With more school districts sticking with remote learning this fall, U.S. Education Secretary Betsy DeVos made it clear this week that keeping schools closed will impact negotiations over the next pandemic relief package.

In a call with faith-based school leaders Wednesday, she said that districts keeping their schools closed should not receive more funding and that instead “it should go to the parents. They should be able … to choose a faith-based option.”

Congress returns from a break Monday, and pressure will be on the Senate to take up the latest federal relief package — the Health and Economic Recovery Omnibus Emergency Solutions, or HEROES, Act — that the House passed in mid-May. But it’s becoming clear that the reopening debate will complicate efforts to secure more funding.

“There’s real tension around these decisions about opening while they are talking about more money,” said Marguerite Roza, director of the Edunomics Lab at Georgetown University in Washington. “When you do online learning, you don’t do a lot of other things.”

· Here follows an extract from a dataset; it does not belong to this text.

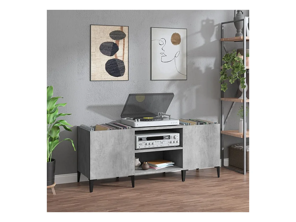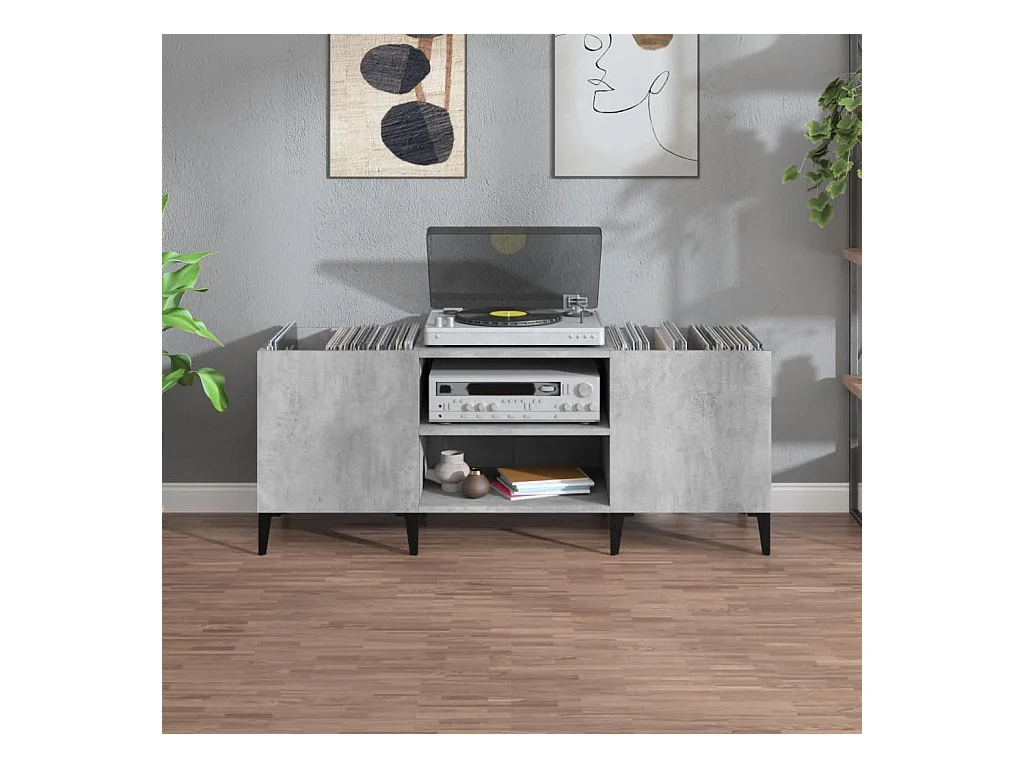 Mobile per dischi grigio cemento 121x38x48 cm in multistrato
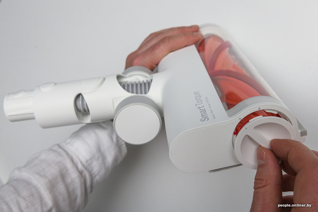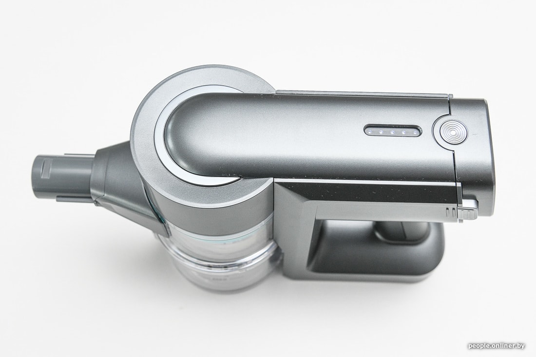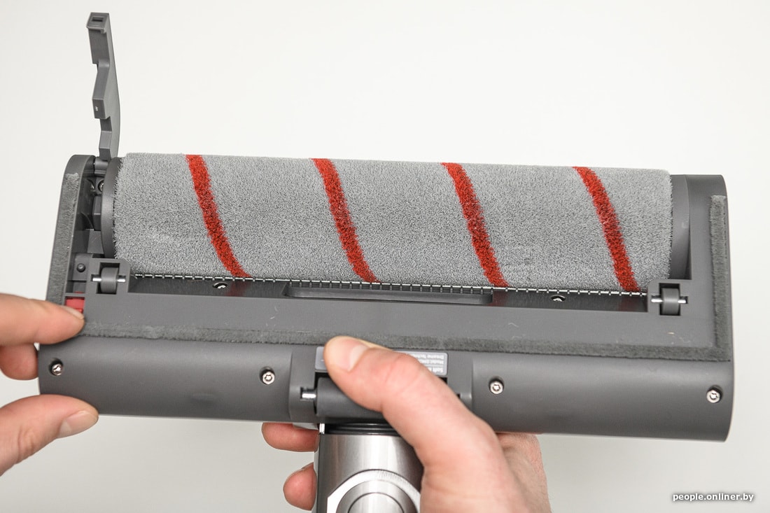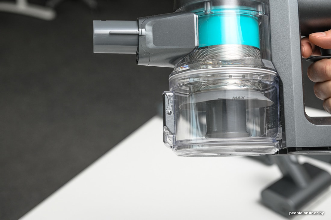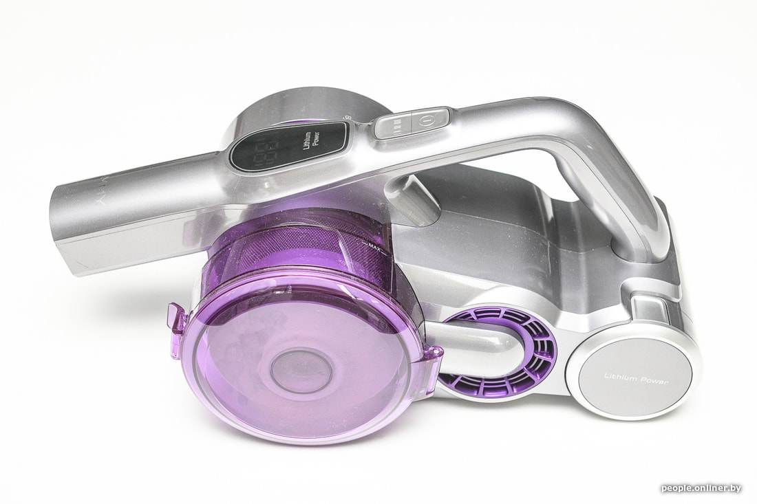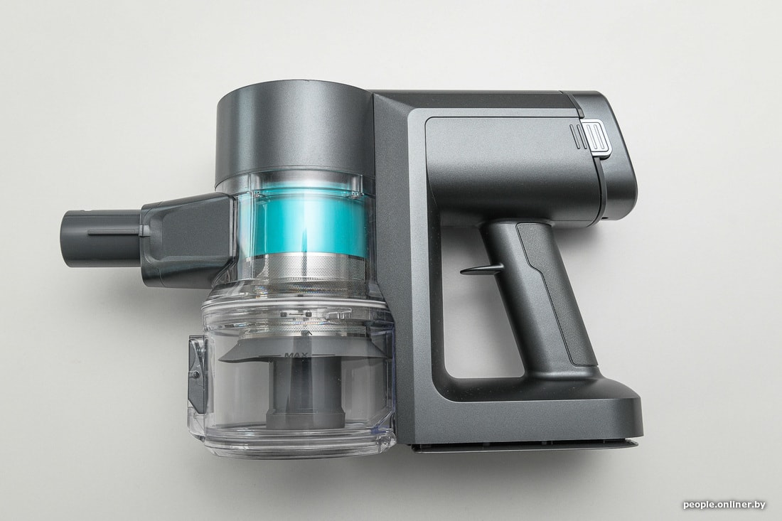Следующий на очереди Viomi. Управление полностью механическое. Включение и смена режимов осуществляются с помощью кнопки на торце корпуса, курок отсутствует. Управлять одной рукой не получится: для смены режима во время уборки придется подключать вторую. Порадовала подсветка электрощетки. Это удобно в местах, где пыль и мусор плохо видны: например, под мебелью и в темных углах. Увы, подсветка неотключаемая, что, конечно же, влияет на время работы. Мощность всасывания регулируется в три ступени. Щетка, как и в модели выше, маневренная, поворачивается почти на 90 градусов в обе стороны. Важная особенность — это возможность снять аккумулятор и зарядить его в любом удобном месте, вне зависимости от того, где хранится пылесос. Индикатор заряда простой, светодиодный, на 5 делений. Мусор из контейнера высыпается снизу, после нажатия на кнопку. Чтобы очистить валик щетки, его необходимо снять. Без подручных средств не обойтись, в нашем случае пригодилась 50-копеечная монета.

Some district leaders have said teaching remotely actually costs more than doing it in person. That was certainly the case in the spring when they had to purchase and distribute devices, provide hotspots and quickly get teachers up to speed on virtual instruction. Many districts also had to cover hazard pay for staff members who continued to work in buildings.

“The costs were tremendous and had to be done without budgeting for them,” said Laura Preston, a legislative advocate with the Association of California School Administrators.

Going forward, the costliest options are likely to be hybrid models that have some students learning at home and others in school buildings — a plan that many officials at the state and local levels seem to favor. Costs can increase because districts must follow safety and screening protocols in the building while also cycling students through online instruction. Double shifts requiring additional bus routes would also add to the costs.

For example, the Milwaukee Public Schools estimates its hybrid plan at $90 million in additional expenses.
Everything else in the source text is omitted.